Disappearance at Devil's Rock
- Author: Paul G. Tremblay
- Language: English
- Genre: Horror
- Published: 2016
- Publisher: William Morrow
- Awards: 2017 British Fantasy Award for Best Horror Novel

= Disappearance at Devil's Rock =

2016 horror novel by Paul Tremblay

Disappearance at Devil's Rock is a horror novel by American writer Paul G. Tremblay. The novel received the 2017 British Fantasy Award for Best Horror Novel (August Derleth Award). It was nominated for the Horror Writers Association's Bram Stoker Award for Best Novel in 2017.

==Plot==
A thirteen-year-old boy named Tommy Sanderson goes missing after spending time with his friends, Josh Griffin and Luis Fernandez, at Borderland State Park in Massachusetts. His mother Elizabeth, younger sister Kate, and grandmother are thrown into disarray as strange events begin occurring; a mysterious apparition appears in his mother's room and discarded pages from his journal that may provide potential clues as to his whereabouts begin to surface.
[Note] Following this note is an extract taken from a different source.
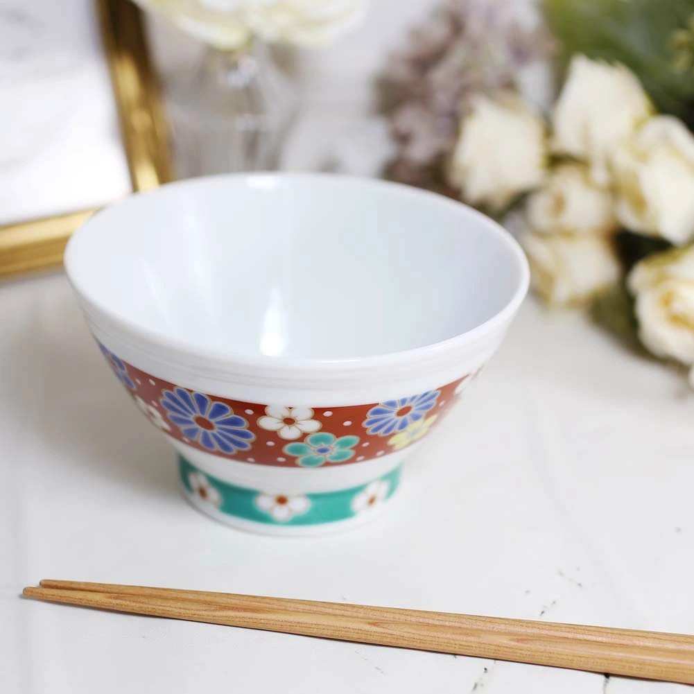 九谷焼は、石川県南部で生産される色絵の磁器です。久谷五彩(赤、黄、緑、紺、紫)という色鮮やかな上絵が特徴です。上絵つきとは、本焼きした陶磁器の釉薬の上に顔料で模様を描き、再度焼く技法です。その歴史は、江戸時代に加賀藩が良質な磁石を発見したのを機に、殖産政策として始められたとされたいます。上品な色合いの色鮮やかで素敵な色絵千段飯碗です。オシャレで可愛い梅菊のデザインでおうちのインテリアにもおすすめです。
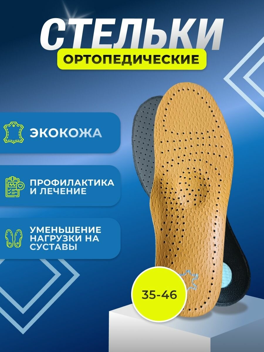Стельки ортопедические кожаные для обуви каркасные с супинатором при плоскостопии, размер 35-36

The investigation, led by Allison Murtaugh, slowly reveals some of the strange events leading up to the disappearance. At the center of it all is a man named Rooney Flannery, who moonlights as a man named Arnold. Arnold claims to be a "seer" and ends up giving all three boys a harrowing backstory of satanic activity at Split Rock. This backstory may or may not connect to Tommy's disappearance.

==Reception==
Jason Heller of NPR wrote that the novel "takes the simple premise of a lost child and twists it into a dizzying emotional vortex" and that "the most powerful aspect of Disappearance ... is its immediacy. Tremblay doesn't shout or gesticulate. He whispers his tale, punctuating it with the 'clicks and whirrs' of an air conditioner or the life-mocking ring of a child's bicycle bell."